- **What needs to be done**:
Beginning with the line that has "剧情后把石片放在左上角的石碑" and ending with the line that has "現(xiàn)場會上,大型乘", retype the entries below exactly, except for the pictures.

- **Recorded information**:
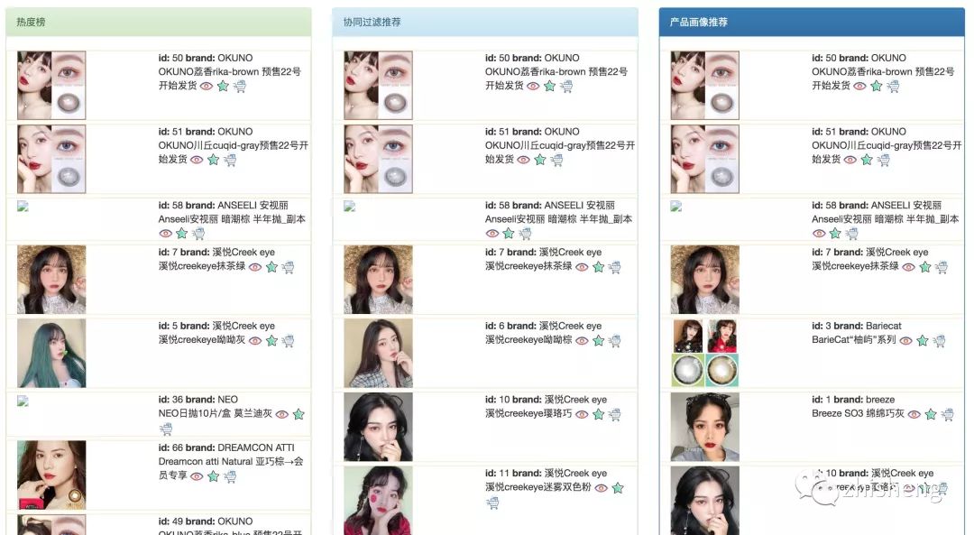 当前推荐结果分为3列,分别是热度榜推荐,协同过滤推荐和产品画像推荐
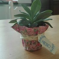 Voilà, une petite plante, du liberty, du sisa, une étiquette, un tampon et de l'encre. Comment vous la trouvez? Au dos de l'étiquette je pensais écrire des petits messages, type «emportes moi», «fais...
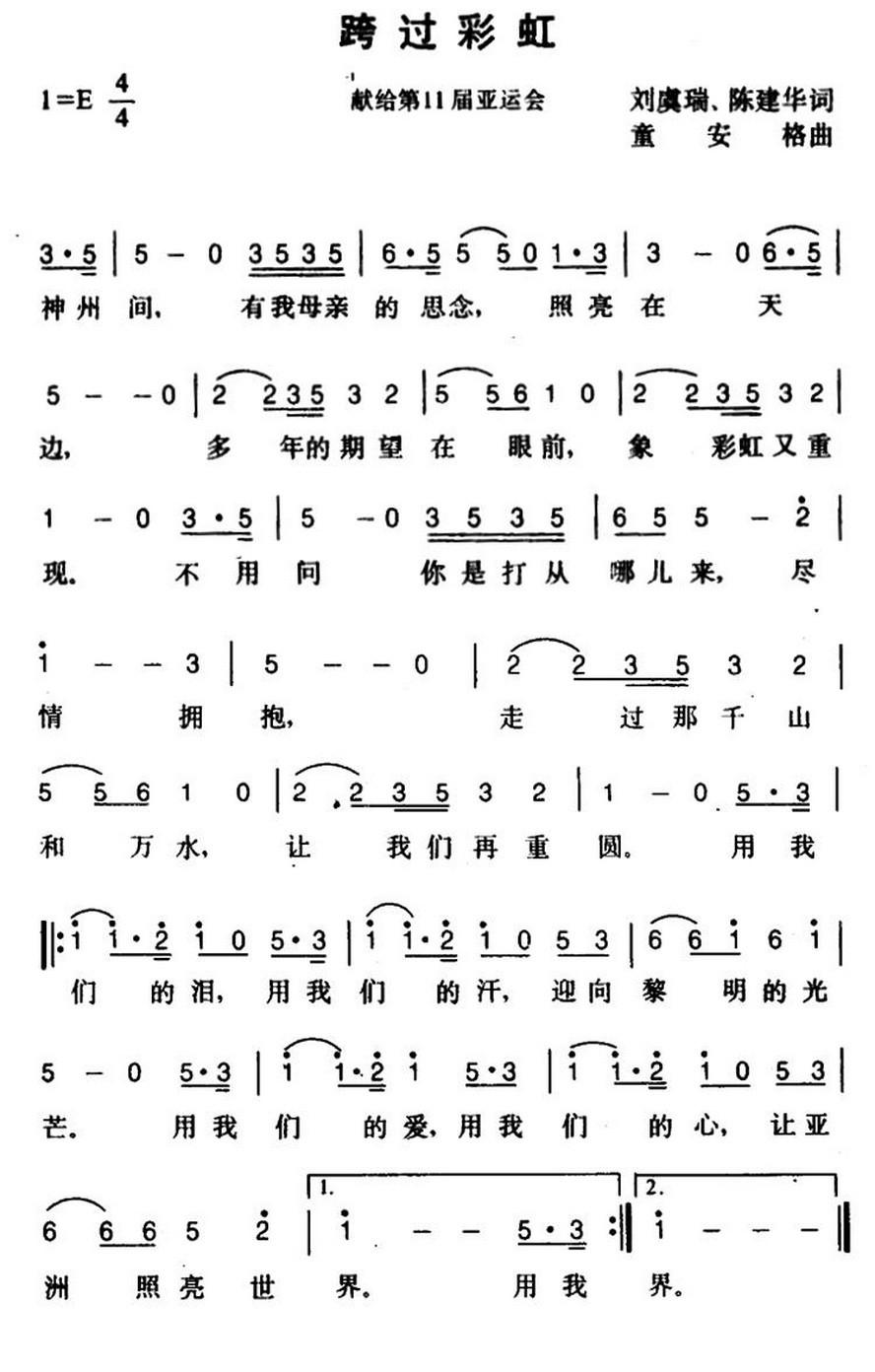 这是一首童安格专门为九零年北京亚运会写的“跨过彩虹”,也许这是童安格最大气的一首歌。北京音乐台的DJ陆灵涛曾经在他的非常有名的栏目“老式汽车”里说,也许这首“跨过彩虹”写出来比较晚,或者因为不是大陆音乐人创作的,否则大概北京亚运会的主题歌就不是“亚洲雄风”了。
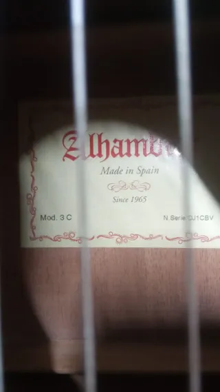 Guitarra clásica ALAMBRA 9C, fabricada para Real Musical. Año 83, tapa cedro y diapason de ébano. El mástil es muy cómodo. Solo un dueño. La amplifiqué luego en la misma casa ALAMBRA, con un previo fishman de alta gama con pastilla en el puente y micro interno. Sonido precioso con o sin amplificación.
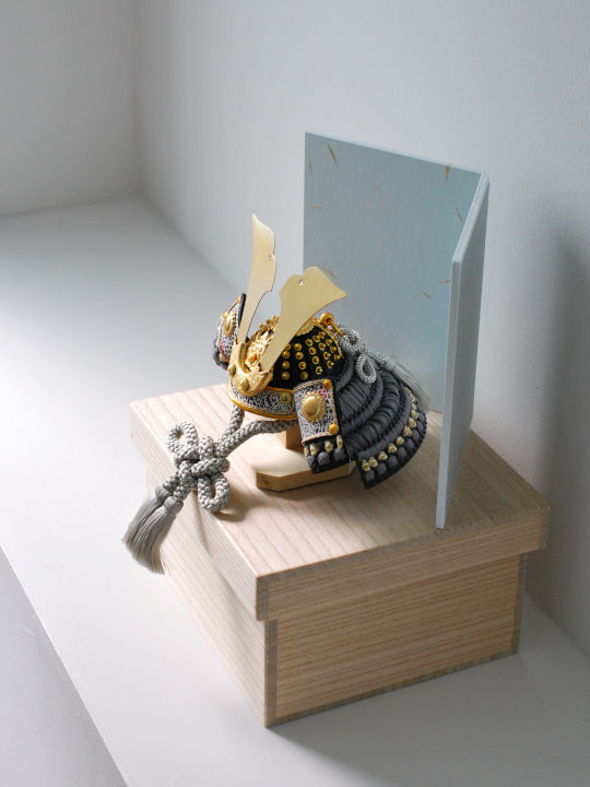 ※作札付きます。複雑な組み立てがなく、小さな机やサイドボードなどにお飾りできるおしゃれな兜飾りです。兜(かぶと)本体と飾ったり収納したりする黒い櫃(ひつ)が付いたコンパクトさが人気の作品です。作者は内
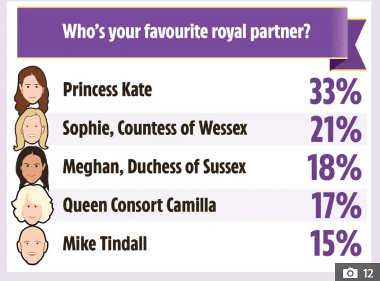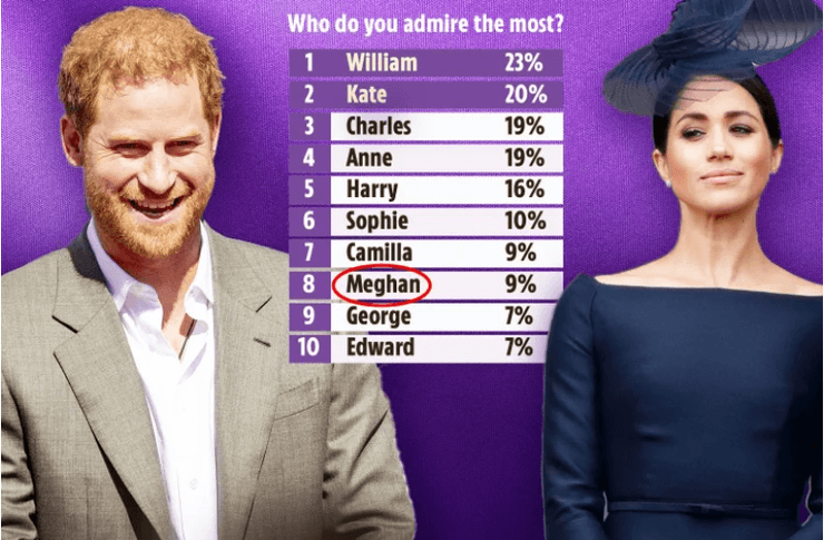 Во время опроса "Кто вам больше нравится" (из королевской семьи — ред.) за Меган Маркл отдали 9% голосов, она заняла 8-е место рейтинга после королевы-консорт Камиллы и герцогини Софи, жены принца Эдварда. После герцогини Сассекской в списке следовали принц Джордж, сын принца Уэльского Уильяма, и принц Эдвард, сын королевы Елизаветы ІІ.
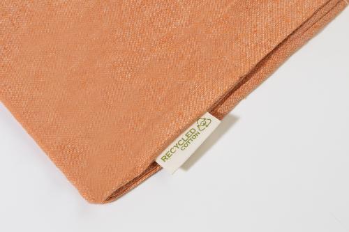 Reusable, recycled cotton shopping bag with long handles and distinctive recycled cotton label. 100% recycled cotton, 140 g/m².
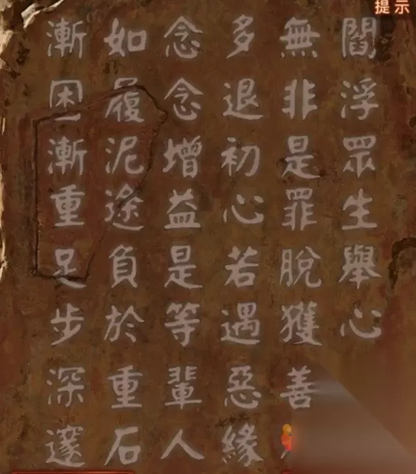剧情后把石片放在左上角的石碑上,开始玩记忆小游戏了,这里给推荐一种作弊方法,拿上上面那张图,发送给自己的qq号,然后使用另一个手机登录qq接收图片,打开随便一个编辑软件,点击开始后跳那个字就在那个字上面写顺序~完成之后石碑裂开,进入就可以找到女主了。
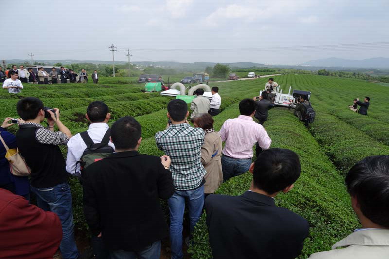 現(xiàn)場會上,大型乘坐式采茶機(jī)、風(fēng)力植保機(jī)、茶園多功能作業(yè)機(jī)等眾多新型茶園作業(yè)機(jī)械紛呈“亮相”。皖墾茶業(yè)所屬4個茶場組織技術(shù)管理人員和種茶大戶參加了觀摩活動。
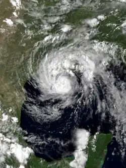 Almost immediately after emerging into the Gulf of Mexico on July 30, the cloud pattern of system quickly became better organized. Later after emerging into the Gulf of Mexico, ships and satellite images confirmed that Tropical Depression Four had formed offshore of the north coast of the Yucatán Peninsula; although it was likely that the depression formed 80 miles (130 km) north of the Yucatán Peninsula several hours earlier than confirmed.[2][3] The following morning after development occurred, the depression had intensified into a tropical storm 575 miles (925 km) southeast of Texas; the National Hurricane Center assigned it to the name Chantal.[2] Although it became a tropical storm early that morning, the system was not upgraded to a tropical storm until a reconnaissance flight confirmed tropical storm force winds about six hours later, when sustained winds were already 50 mph (80 km/h). Tropical Storm Chantal rapidly strengthened thereafter, with weather satellites indicating t–numbers increasing from 2.5 to 3.5 within twelve hours using the Dvorak technique. Chantal continued to intensify, and headed northwestward at 11 mph (18 km/h) due to weak ridging over Florida.[4]
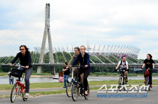 유로 2012 개막을 하루 앞둔 8일(한국시각) 폴란드 바르샤바의 축구 열기가 정점을 향해 달아오르고 있다. 하지만 폴란드 시민들은 여느때처럼 평온한 일상을 즐기고 있었다. 바르샤바 국립경기장이 보이는 비스와 강변에서 시민들이 자전거를 타며 평온한 오후를 즐기고 있다.
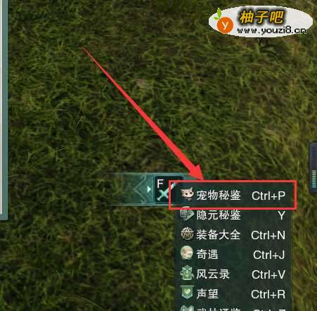 2添加蟹负后,鼠标浮动到游戏界面的右下角倒数第二个按钮上,点击弹出框中的【宠物秘鉴】按钮。
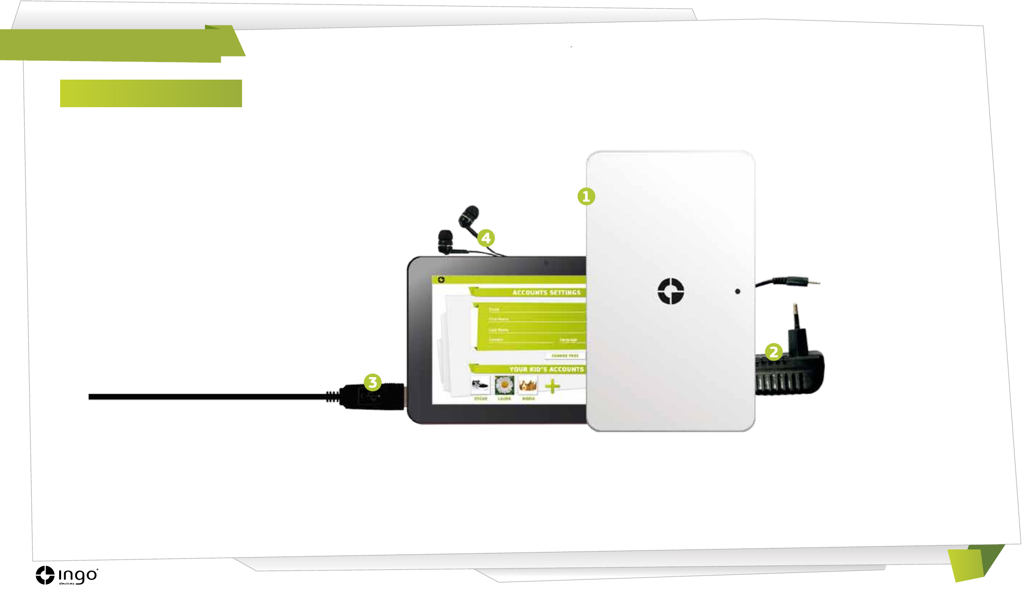 • Only charge the IngoKids tablet with the supplied power adaptor
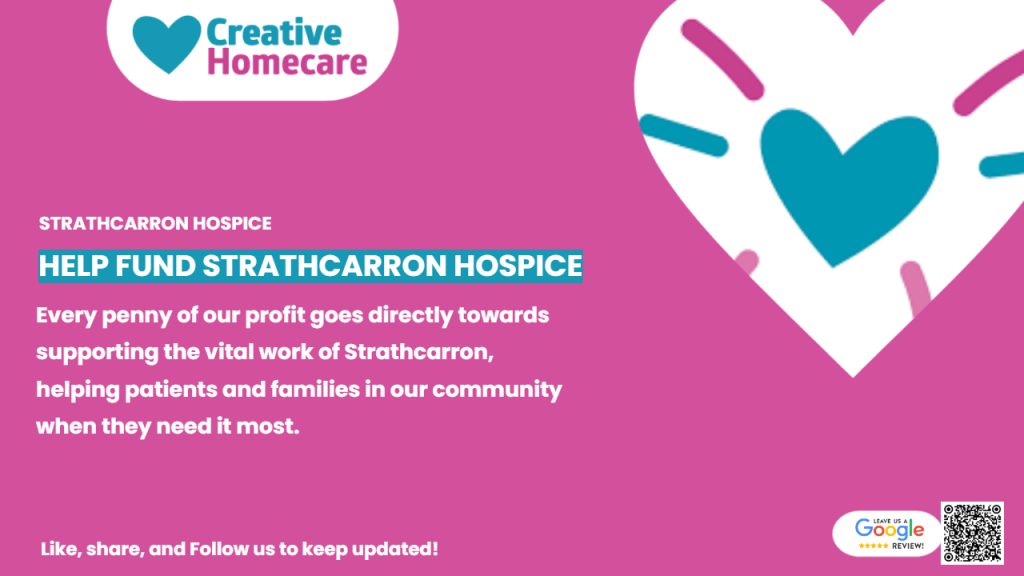 Did you know? Choosing Creative Homecare means you’re not only receiving high-quality, compassionate care for yourself or a loved one ,you’re also helping fund Strathcarron Hospice.
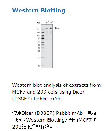 Dicer (D38E7) Rabbit mAb兔单抗检测内源性Dicer总蛋白水平。通过人工合成人源Dicer蛋白Ala1133位点周围序列相应多肽片段,使用该片段免疫动物从而制备单克隆抗体。Dicer是RNase III酶家族成员之一,它能特异性剪切双链RNAs从而产生microRNAs (miRNAs) (1)。在Drosha酶将长的初始转录本pri-miRNAs剪切成含有茎环pre-miRNAs之后(2),pre-miRNAs被转运到细胞质,随后进一步被Dicer酶剪切成含22个核苷酸的成熟miRNAs(3)。然后,成熟miRNAs成为RNA诱导的沉默复合物(RNA-Induced Silencing Complex,RISC)的一部分,从而能够结合目标mRNA的3'端非编码区(3)。
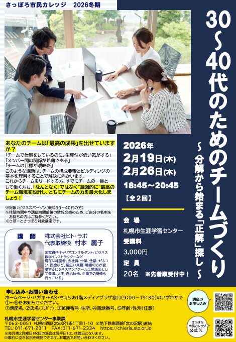 2026/02/19【ちえりあ市民カレッジ講座】チームづくり基礎

- **Reply**:
剧情后把石片放在左上角的石碑上,开始玩记忆小游戏了,这里给推荐一种作弊方法,拿上上面那张图,发送给自己的qq号,然后使用另一个手机登录qq接收图片,打开随便一个编辑软件,点击开始后跳那个字就在那个字上面写顺序~完成之后石碑裂开,进入就可以找到女主了。
 現(xiàn)場會上,大型乘坐式采茶機(jī)、風(fēng)力植保機(jī)、茶園多功能作業(yè)機(jī)等眾多新型茶園作業(yè)機(jī)械紛呈“亮相”。皖墾茶業(yè)所屬4個茶場組織技術(shù)管理人員和種茶大戶參加了觀摩活動。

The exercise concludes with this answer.